**MATERIAL FOR THIS EXERCISE**.
- Opening Delimiter -

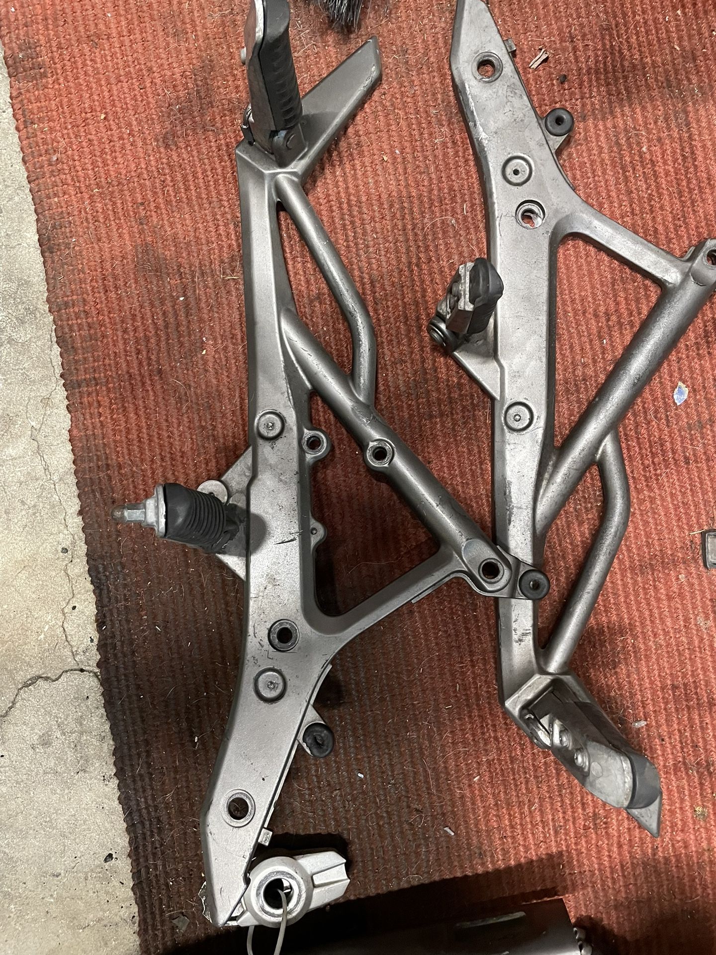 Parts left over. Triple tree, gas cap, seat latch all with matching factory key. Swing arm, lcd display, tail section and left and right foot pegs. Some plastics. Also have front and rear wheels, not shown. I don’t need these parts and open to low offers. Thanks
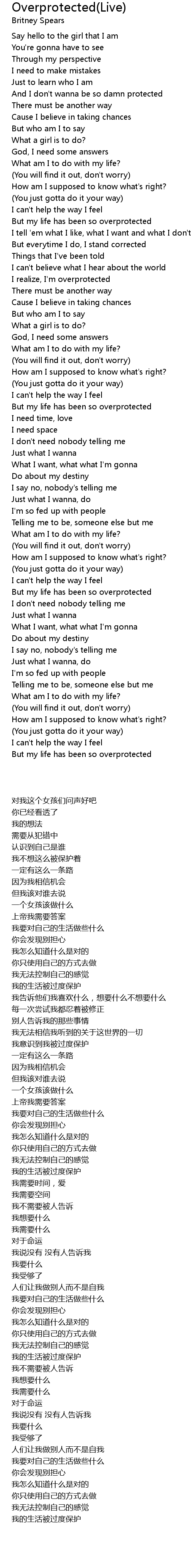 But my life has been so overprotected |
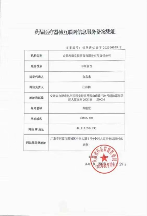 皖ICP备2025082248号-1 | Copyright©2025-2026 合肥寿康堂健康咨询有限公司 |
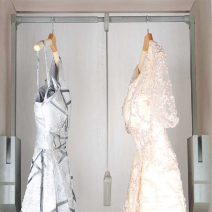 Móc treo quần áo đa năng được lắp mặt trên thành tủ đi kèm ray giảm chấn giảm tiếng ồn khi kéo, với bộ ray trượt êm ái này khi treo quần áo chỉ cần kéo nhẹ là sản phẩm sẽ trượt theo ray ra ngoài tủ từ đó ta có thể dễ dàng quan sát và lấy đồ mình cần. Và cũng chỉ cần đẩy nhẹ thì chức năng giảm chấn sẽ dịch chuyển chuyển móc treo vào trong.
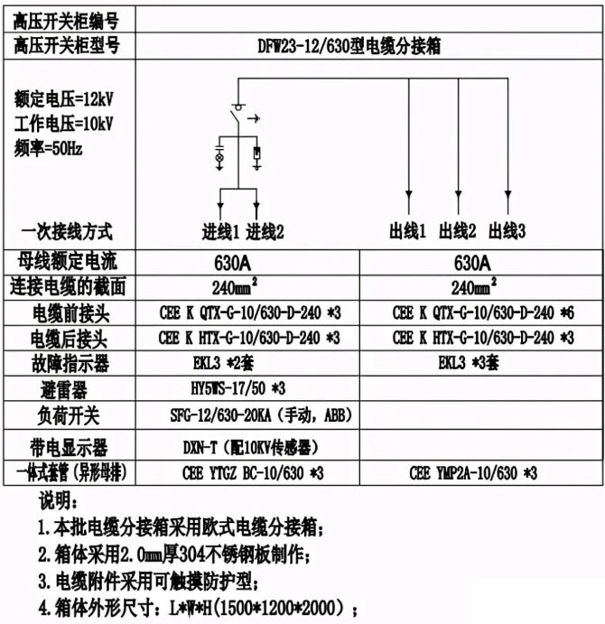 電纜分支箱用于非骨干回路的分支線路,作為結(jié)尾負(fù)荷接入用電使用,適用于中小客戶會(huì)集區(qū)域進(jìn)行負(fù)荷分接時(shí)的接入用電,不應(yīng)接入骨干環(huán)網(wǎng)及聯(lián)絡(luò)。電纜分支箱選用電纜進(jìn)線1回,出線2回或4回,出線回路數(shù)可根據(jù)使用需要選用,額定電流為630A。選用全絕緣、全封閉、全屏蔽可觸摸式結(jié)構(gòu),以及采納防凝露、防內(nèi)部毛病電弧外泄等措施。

- Closing Delimiter -

**TASK**. If the material above contains pictures, exclude them from an otherwise exact transcription.

**SOLUTION TO THIS TASK**.
 Parts left over. Triple tree, gas cap, seat latch all with matching factory key. Swing arm, lcd display, tail section and left and right foot pegs. Some plastics. Also have front and rear wheels, not shown. I don’t need these parts and open to low offers. Thanks
 But my life has been so overprotected |
 皖ICP备2025082248号-1 | Copyright©2025-2026 合肥寿康堂健康咨询有限公司 |
 Móc treo quần áo đa năng được lắp mặt trên thành tủ đi kèm ray giảm chấn giảm tiếng ồn khi kéo, với bộ ray trượt êm ái này khi treo quần áo chỉ cần kéo nhẹ là sản phẩm sẽ trượt theo ray ra ngoài tủ từ đó ta có thể dễ dàng quan sát và lấy đồ mình cần. Và cũng chỉ cần đẩy nhẹ thì chức năng giảm chấn sẽ dịch chuyển chuyển móc treo vào trong.
 電纜分支箱用于非骨干回路的分支線路,作為結(jié)尾負(fù)荷接入用電使用,適用于中小客戶會(huì)集區(qū)域進(jìn)行負(fù)荷分接時(shí)的接入用電,不應(yīng)接入骨干環(huán)網(wǎng)及聯(lián)絡(luò)。電纜分支箱選用電纜進(jìn)線1回,出線2回或4回,出線回路數(shù)可根據(jù)使用需要選用,額定電流為630A。選用全絕緣、全封閉、全屏蔽可觸摸式結(jié)構(gòu),以及采納防凝露、防內(nèi)部毛病電弧外泄等措施。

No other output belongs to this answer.